The CSU School of Engineering is only in its second year and Professor of Engineering Euan Lindsay said it was a good fit to host a Central West round of the challenge.
He said the day was all about making a career in engineering a viable option for students.
“This competition encourages our brightest prospective brains in science, technology, engineering and mathematics (STEM) to pit their abilities against themselves, the clock and each other in a series of challenging activities that run all day,” Professor Lindsay said.
“It encourages high school students to follow their STEM passions by providing real-world problems to hone their skills. We show them that STEM underpins our modern society.”
Challenge director Terry Burns from the University of Newcastle said participants worked on a range of exercises that simulated real-world problems.
Some teams were working on a challenge that required them to deliver the most cost-efficient electricity network by balancing cost and reliability factors while others were designing an artificial hand.
There was a bridge-building challenge, a catapult exercise, a public transport network activity and even a mission to Mars.
Dr Burns said the exercises were designed to get teams applying high-level STEM thinking without even realising it.
“The aim is that we want kids to consider a career in STEM because it is already being predicted that three-quarters of the jobs in the future will have a STEM focus,” he said.
“And students with STEM skills are already one-and-a-half times more likely to get a job than those without STEM and, I would say, they are getting very important jobs.”

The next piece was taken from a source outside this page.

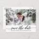 Modern Calligraphy Script Save The Date Engagement Announcement Couple Photo Postcard

Students from Bathurst High, Kelso High, St Stanislaus’ College, The Scots School, All Saints’ College, Blayney High, Orange Christian School, Canobolas High, Oberon High, Lithgow High, Orange High and James Sheahan Catholic High took part in Thursday’s challenge.
Volunteers from Rotary clubs across the Central West were on hand to help the event run smoothly.
Dubbo will play host to its own Science and Engineering Challenge for Western Plains schools next week.
State and national finals will be held later in the year.